§ **Given records**:
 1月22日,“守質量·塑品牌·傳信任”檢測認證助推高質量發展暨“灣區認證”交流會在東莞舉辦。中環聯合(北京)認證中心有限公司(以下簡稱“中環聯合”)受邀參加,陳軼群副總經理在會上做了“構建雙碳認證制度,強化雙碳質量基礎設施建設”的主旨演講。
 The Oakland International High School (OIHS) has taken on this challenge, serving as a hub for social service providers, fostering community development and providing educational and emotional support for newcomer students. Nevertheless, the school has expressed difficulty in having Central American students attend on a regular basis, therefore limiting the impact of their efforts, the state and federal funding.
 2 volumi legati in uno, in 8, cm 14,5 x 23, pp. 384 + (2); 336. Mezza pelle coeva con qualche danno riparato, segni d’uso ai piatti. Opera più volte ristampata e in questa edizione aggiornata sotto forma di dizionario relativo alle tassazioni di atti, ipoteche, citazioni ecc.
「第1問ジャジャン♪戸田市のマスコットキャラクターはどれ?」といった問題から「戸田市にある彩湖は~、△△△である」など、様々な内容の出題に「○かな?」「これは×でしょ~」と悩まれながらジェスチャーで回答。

--

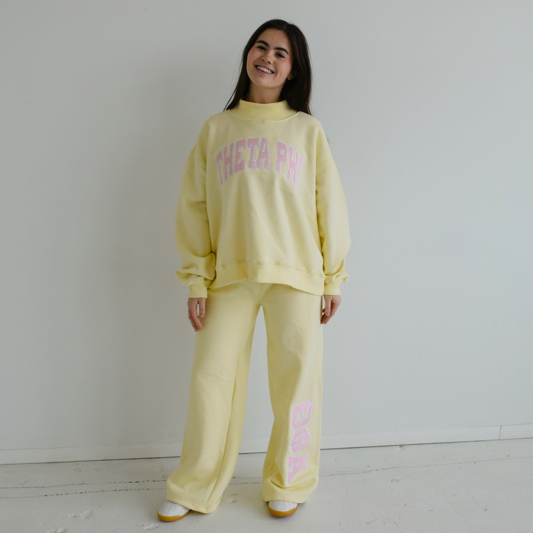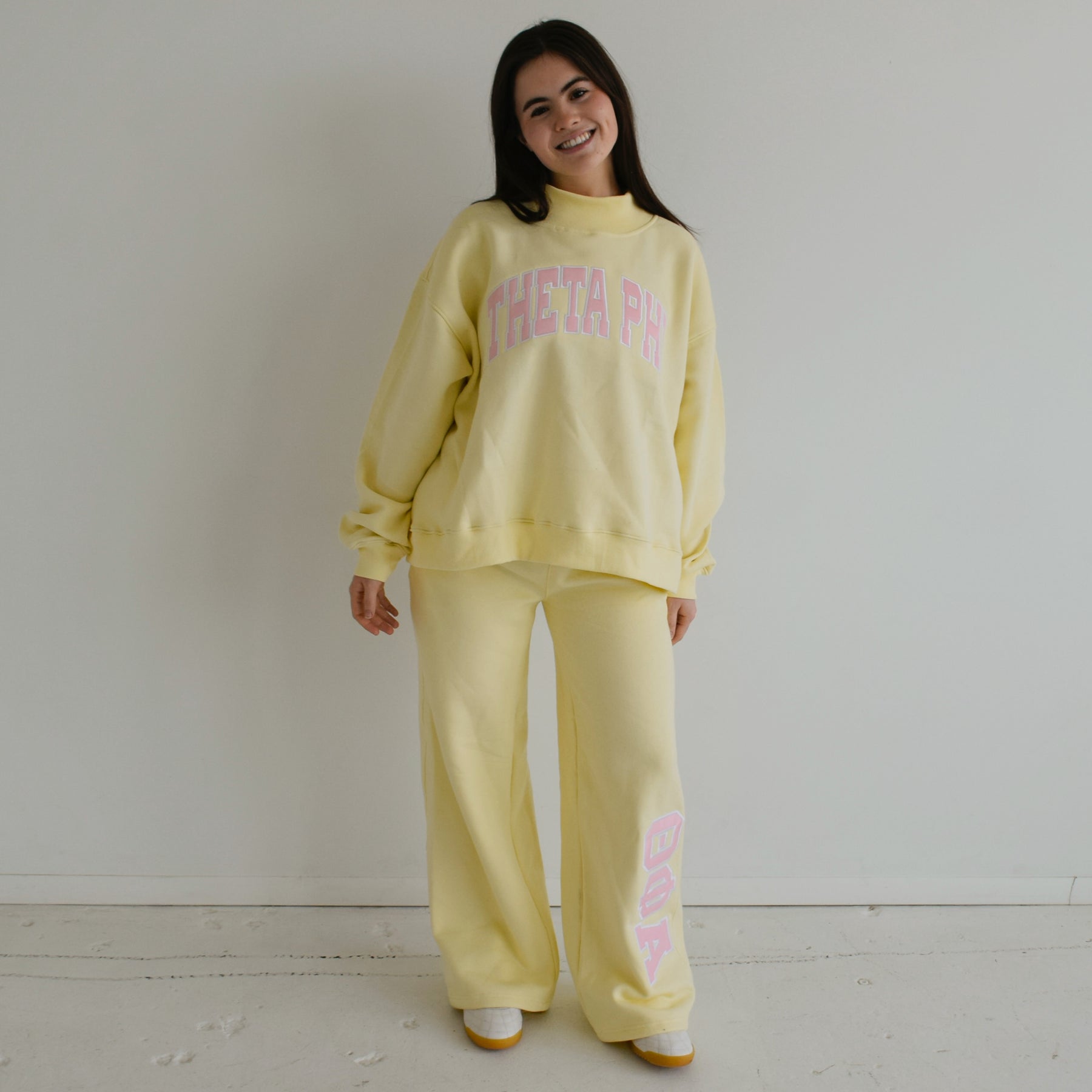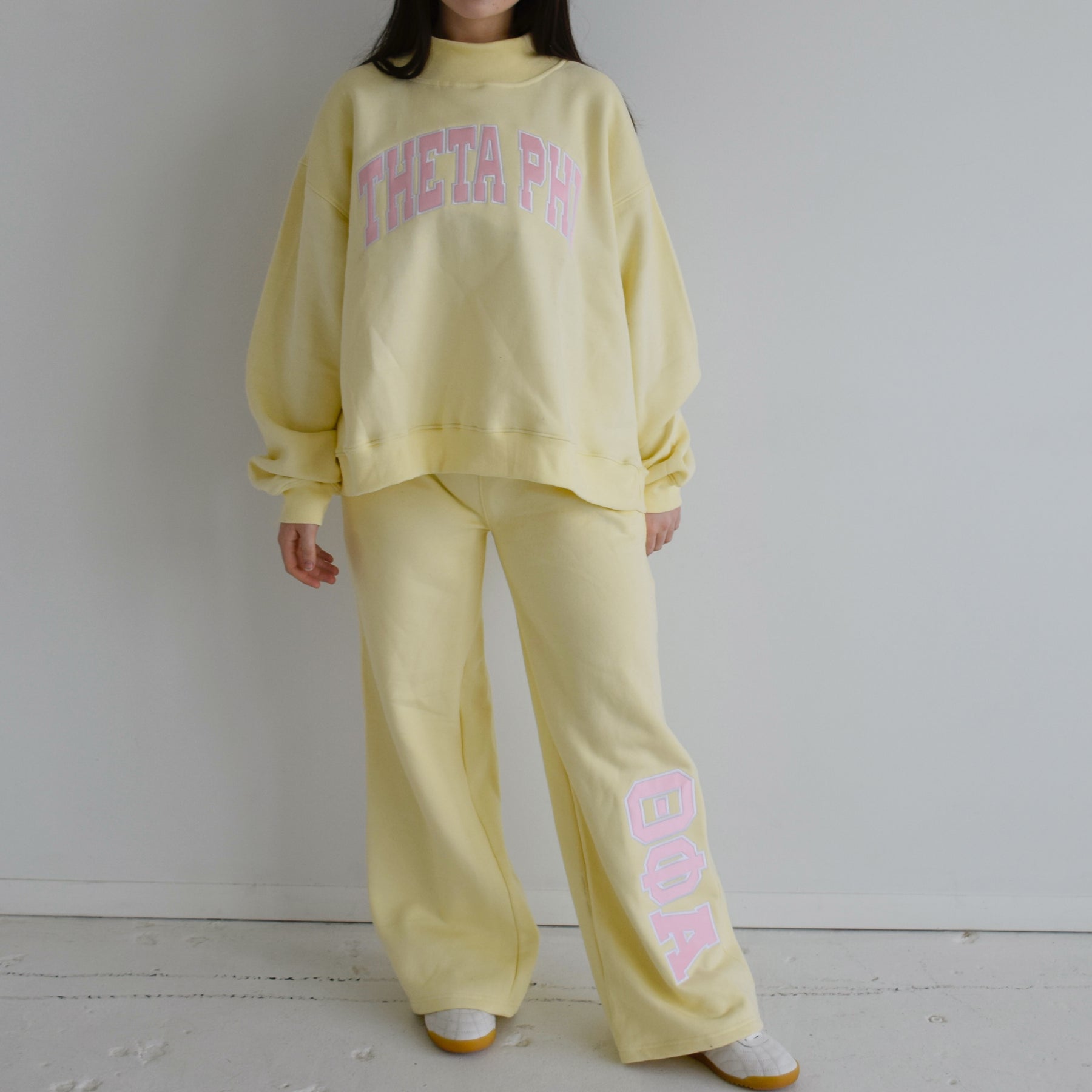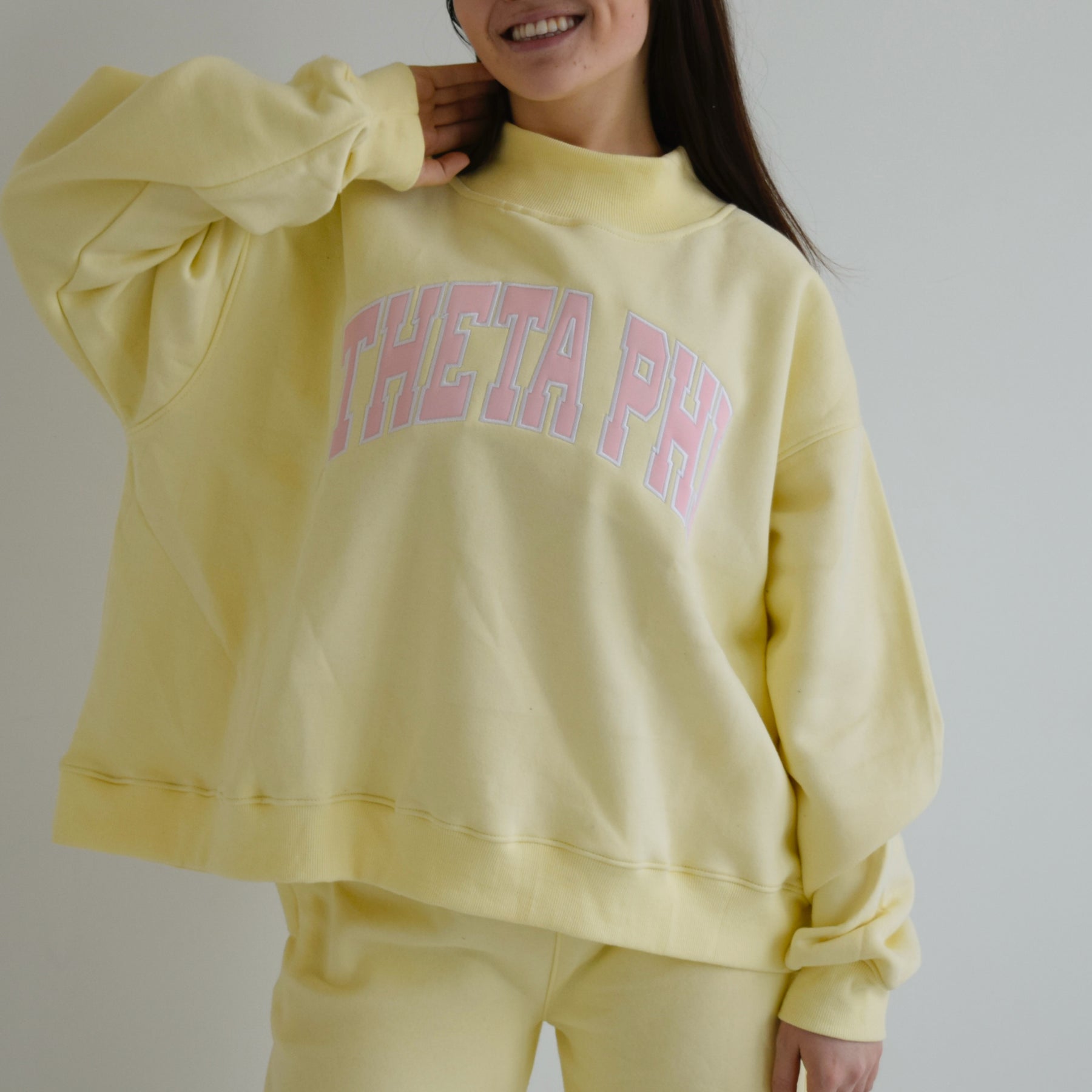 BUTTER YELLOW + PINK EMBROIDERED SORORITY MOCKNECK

...

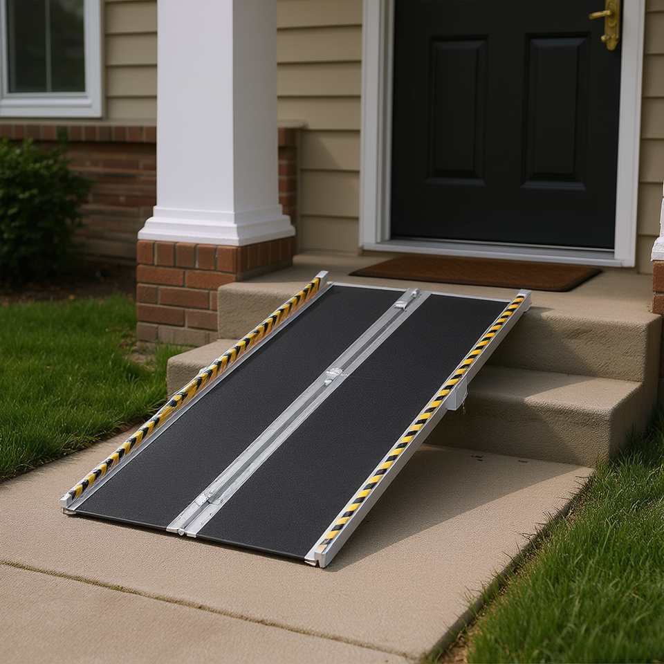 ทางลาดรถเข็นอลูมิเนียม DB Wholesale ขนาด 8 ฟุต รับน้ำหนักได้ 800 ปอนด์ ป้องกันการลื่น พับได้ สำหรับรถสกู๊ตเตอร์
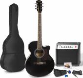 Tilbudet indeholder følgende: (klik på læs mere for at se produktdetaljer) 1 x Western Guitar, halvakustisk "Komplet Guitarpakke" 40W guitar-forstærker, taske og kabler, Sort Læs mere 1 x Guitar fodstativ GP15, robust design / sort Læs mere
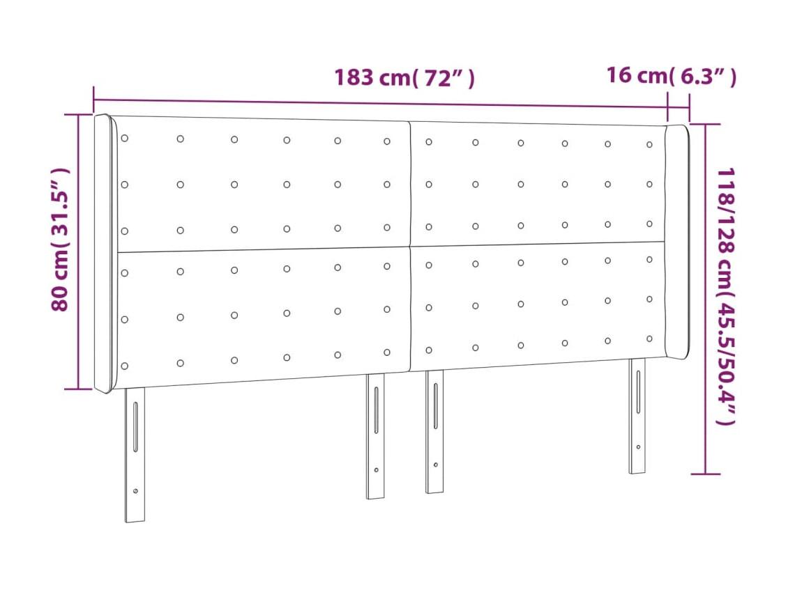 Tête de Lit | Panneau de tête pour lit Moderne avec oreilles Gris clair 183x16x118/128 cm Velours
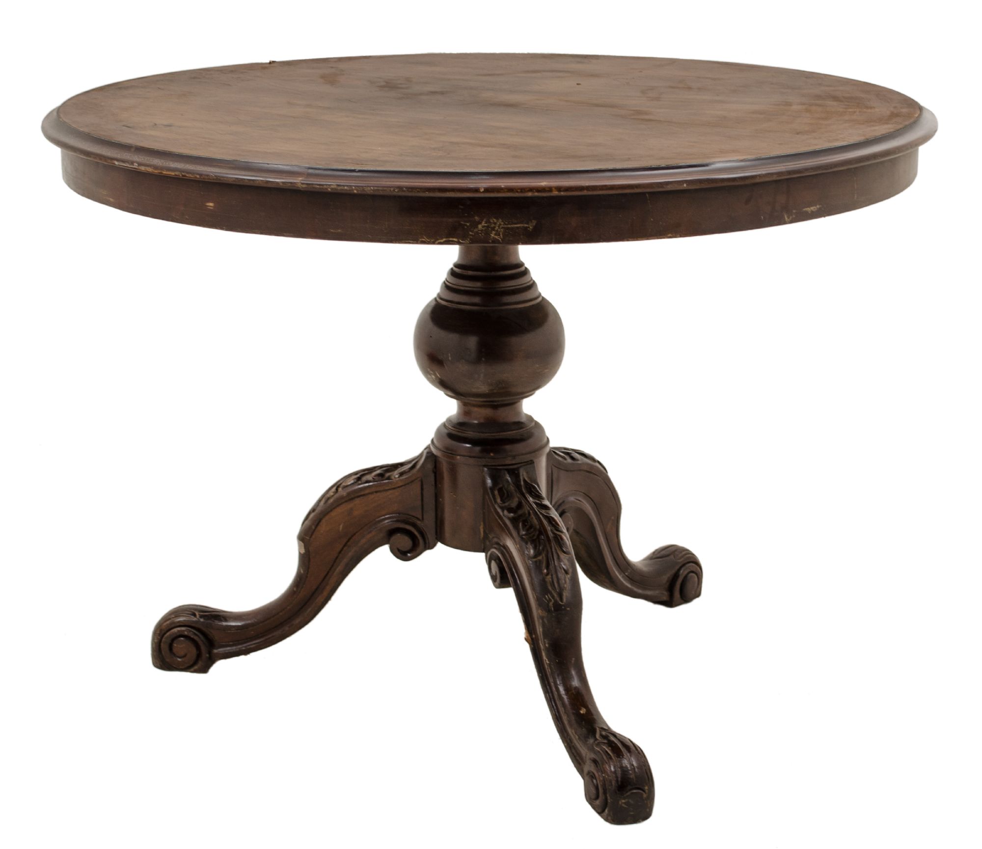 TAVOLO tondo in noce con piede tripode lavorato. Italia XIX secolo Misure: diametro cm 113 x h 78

§ **Your objective**:
Return exactly the stretch above whose first line contains "Tilbudet indeholder følgende: (klik" and whose last line contains "TAVOLO tondo in", and nothing outside it. The pictures should not appear.

§ **Exercise answer**:
 Tilbudet indeholder følgende: (klik på læs mere for at se produktdetaljer) 1 x Western Guitar, halvakustisk "Komplet Guitarpakke" 40W guitar-forstærker, taske og kabler, Sort Læs mere 1 x Guitar fodstativ GP15, robust design / sort Læs mere
 Tête de Lit | Panneau de tête pour lit Moderne avec oreilles Gris clair 183x16x118/128 cm Velours
 TAVOLO tondo in noce con piede tripode lavorato. Italia XIX secolo Misure: diametro cm 113 x h 78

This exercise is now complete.